**Records supplied:**
*** Block opens ***
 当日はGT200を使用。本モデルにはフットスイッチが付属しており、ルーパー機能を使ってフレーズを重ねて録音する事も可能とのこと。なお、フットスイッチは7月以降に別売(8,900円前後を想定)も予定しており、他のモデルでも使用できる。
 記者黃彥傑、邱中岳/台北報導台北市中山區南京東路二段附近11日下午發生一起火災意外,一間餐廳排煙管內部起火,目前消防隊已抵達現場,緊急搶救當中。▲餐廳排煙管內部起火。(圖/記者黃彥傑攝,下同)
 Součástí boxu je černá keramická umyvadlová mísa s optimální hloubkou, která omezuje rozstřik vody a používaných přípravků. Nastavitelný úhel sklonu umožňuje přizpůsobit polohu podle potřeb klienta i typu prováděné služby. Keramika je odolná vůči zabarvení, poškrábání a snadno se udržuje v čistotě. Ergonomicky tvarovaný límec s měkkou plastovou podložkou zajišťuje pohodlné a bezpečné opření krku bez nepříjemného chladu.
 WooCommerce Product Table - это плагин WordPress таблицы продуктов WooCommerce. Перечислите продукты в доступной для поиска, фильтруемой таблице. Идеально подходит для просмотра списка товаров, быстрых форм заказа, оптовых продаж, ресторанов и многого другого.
*** Block closes ***
*** Block opens ***
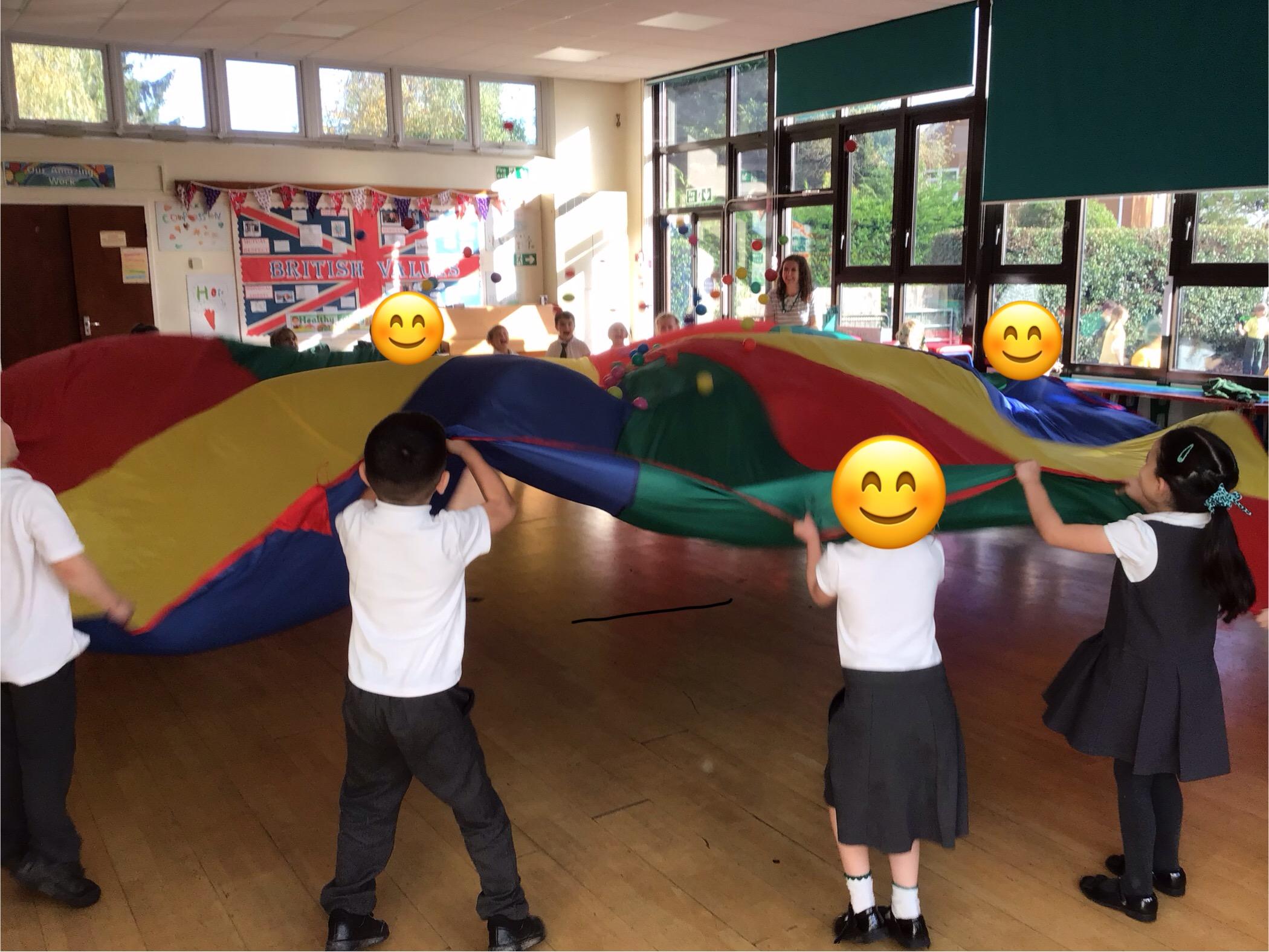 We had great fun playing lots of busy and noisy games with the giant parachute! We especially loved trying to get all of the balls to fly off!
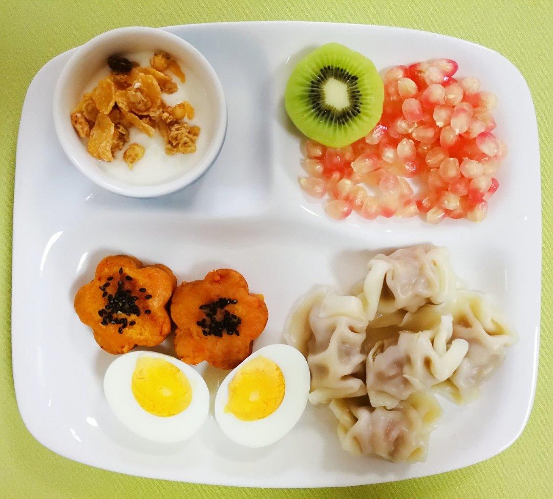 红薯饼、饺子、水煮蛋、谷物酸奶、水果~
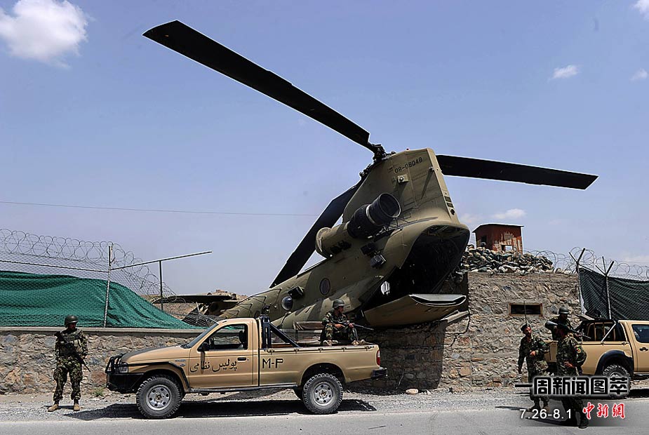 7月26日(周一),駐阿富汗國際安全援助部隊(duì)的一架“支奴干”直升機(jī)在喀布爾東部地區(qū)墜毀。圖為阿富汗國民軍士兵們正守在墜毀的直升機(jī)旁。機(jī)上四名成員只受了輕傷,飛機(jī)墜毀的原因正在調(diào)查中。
*** Block closes ***
**To do:** Looking at the listing above, which lines run from the one containing "We had great" through the one containing "7月26日(周一),駐阿富汗"? Print exactly those, ends included, pictures excluded.

**Result of this task:**
 We had great fun playing lots of busy and noisy games with the giant parachute! We especially loved trying to get all of the balls to fly off!
 红薯饼、饺子、水煮蛋、谷物酸奶、水果~
 7月26日(周一),駐阿富汗國際安全援助部隊(duì)的一架“支奴干”直升機(jī)在喀布爾東部地區(qū)墜毀。圖為阿富汗國民軍士兵們正守在墜毀的直升機(jī)旁。機(jī)上四名成員只受了輕傷,飛機(jī)墜毀的原因正在調(diào)查中。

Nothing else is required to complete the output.